Ohio

Young mother pushing baby carriage to old woman holding door for her: Oh, thanks. I think about how hard it must be for people in wheelchairs, but I think this is worse, because I always have so much to carry.

Kent, Ohio

Overheard by: elizabetz

Boss: You like that little tool, don't you?
Worker: The keyboard?

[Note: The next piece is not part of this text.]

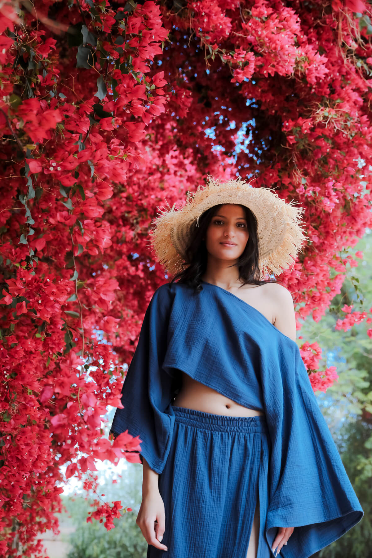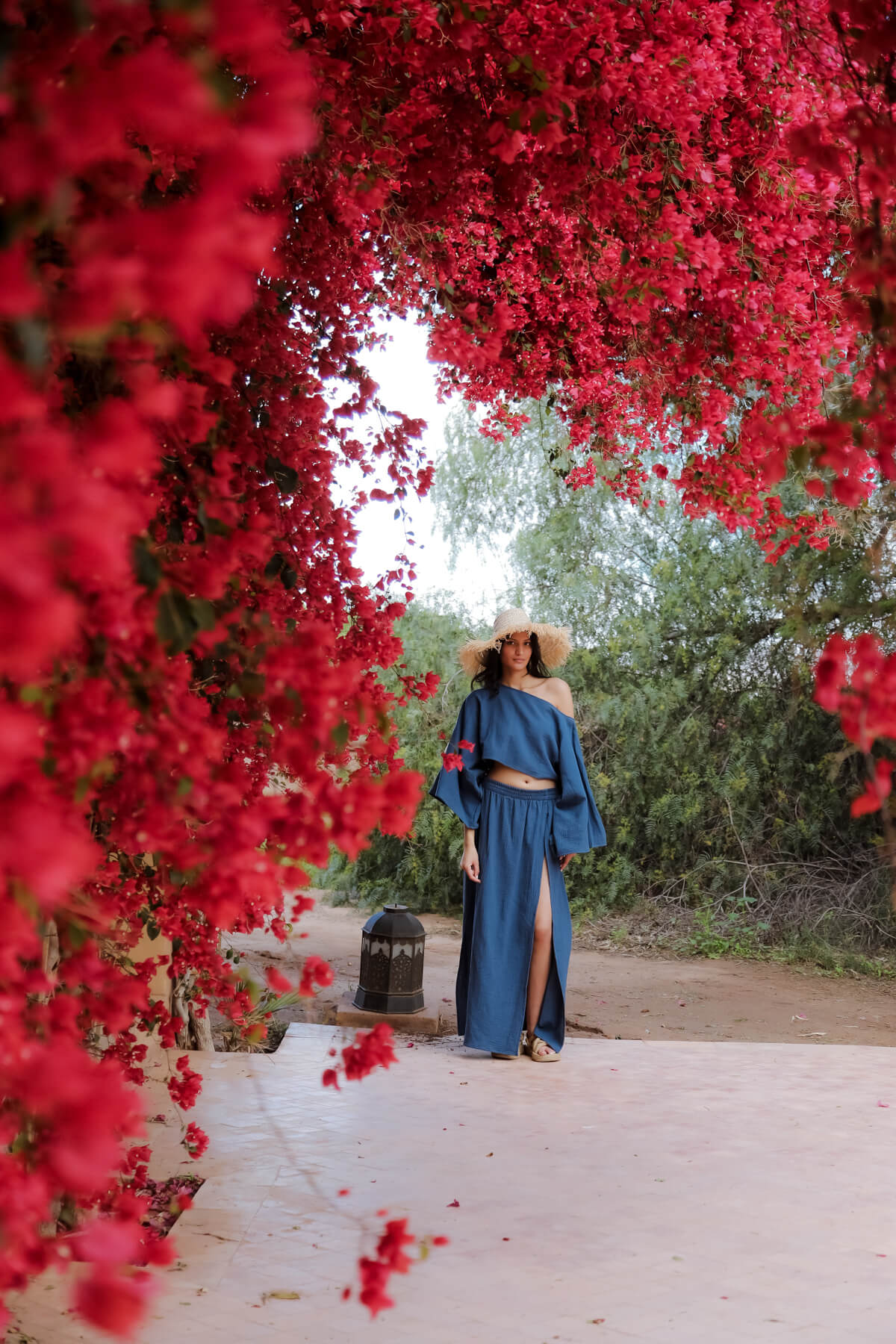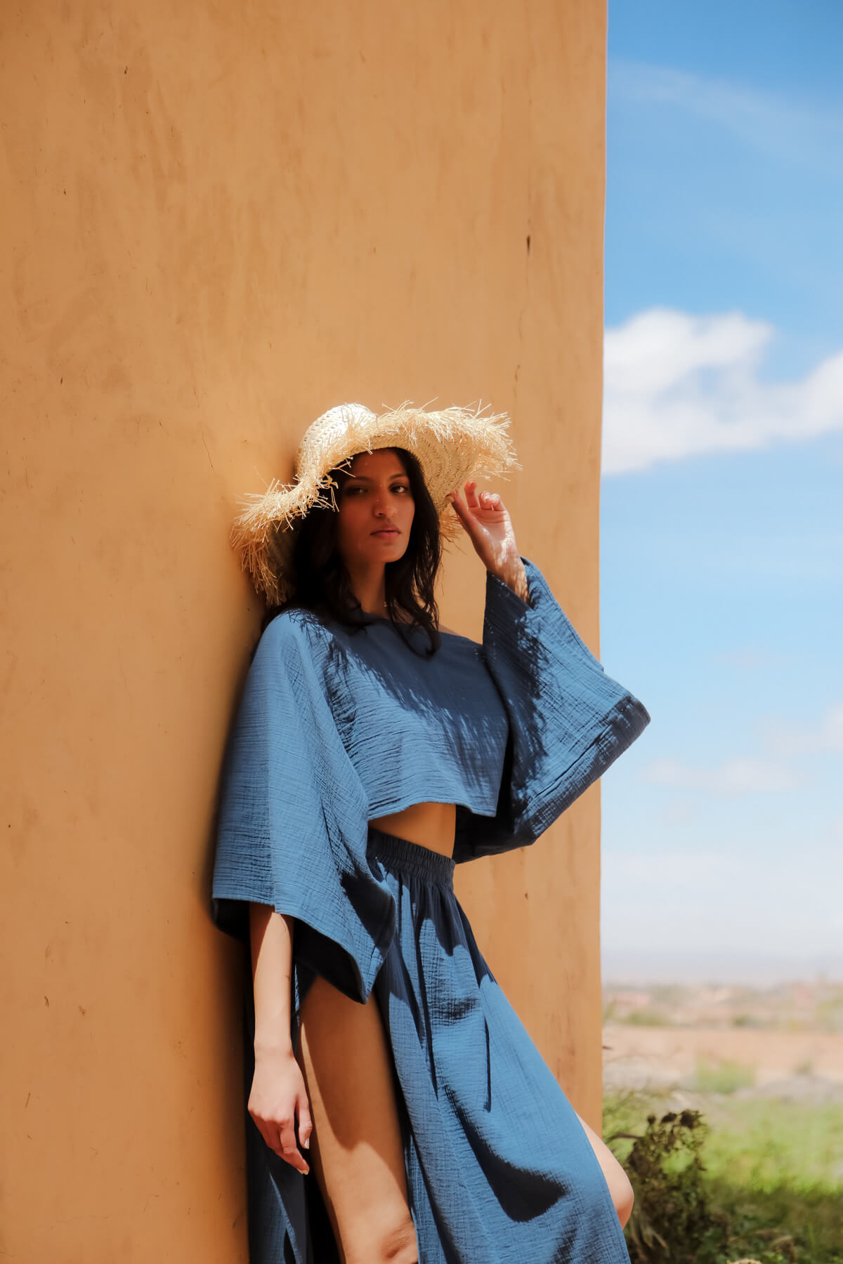 Marakeş'in büyülü atmosferini hissetmeye hazır mısınız? LEILA Pamuk Crop ve Yırtmaçlı Etek Takımı ile serin ve konforlu bir yaz stili yaratabilirsiniz. Yumuşak %100 Pamuk kumaşın ferahlığını hissedin ve indigo renk ile zarif ve sade bir görünüm elde edin. Tasarımı ile şıklığınıza şıklık katarken, Marakeş Palace'ın büyüleyici havasıyla ruhunuza bir ziyafet çekin. LEILA Pamuk Crop ve Yırtmaçlı Etek Takımı, günlük hayatınızda ve özel günlerinizde keyifle kullanabileceğiniz mükemmel bir parçadır. JessyWell'in Marrakech Reverie SS24 koleksiyonunun bir parçası olan bu ürün ile "Özgür ol, kendin ol, doğayla uyum içinde ol." sloganını yaşayın.

Yeah, it's great.

Uniontown, Ohio

Boss: You shouldn’t keep your desk so clean.
Analyst: You want me to make a mess on my desk before I leave every night?
Boss: It’s a perception thing.

1 American Road
Cleveland, Ohio

Worker #1: Did you see the sign on the copier?
Worker #2: No, what did it say?
Worker #1: “Don’t Touch Craig”.

175 South Third Street
Columbus, Ohio

Volunteer #1: Man, Chipotle is so good, man!
Volunteer #2: Yeah, except it makes you have to go to the bathroom because of the hot sauce…
Volunteer #1: I's okay, man, you just take a Game Boy into the bathroom with you. Kills like a half hour.

Cincinnati, Ohio

Admin: We’re going to miss you around here.
Employee: Well, I’d like to say that I’ll miss being around here, but that would be untrue, so I’m not going to say it.

6111 Oak Tree Boulevard
Independence, Ohio

Cube rat #1: Hey, is that light bothering you? It's driving me crazy.
Cube rat #2: No, it's not.
Cube rat #1: Really? I can't stand it.
Cube rat #2: Yeah, I know, that's why I like it.

Cincinnati, Ohio

Greasy suit as his chili is served: … And that’s exactly why I go in to get colonics.

Skyline Chili
Cincinnati, Ohio

Boss: I’ve got part of the Kama Sutra on my wall.
Employee: Do we need to talk to H.R.?

175 South 3rd Street
Columbus, Ohio

Coworker: It's so cheesy–the dong. It's like “here, hit the dong! We're not giving you a raise, but you get to hit the dong.”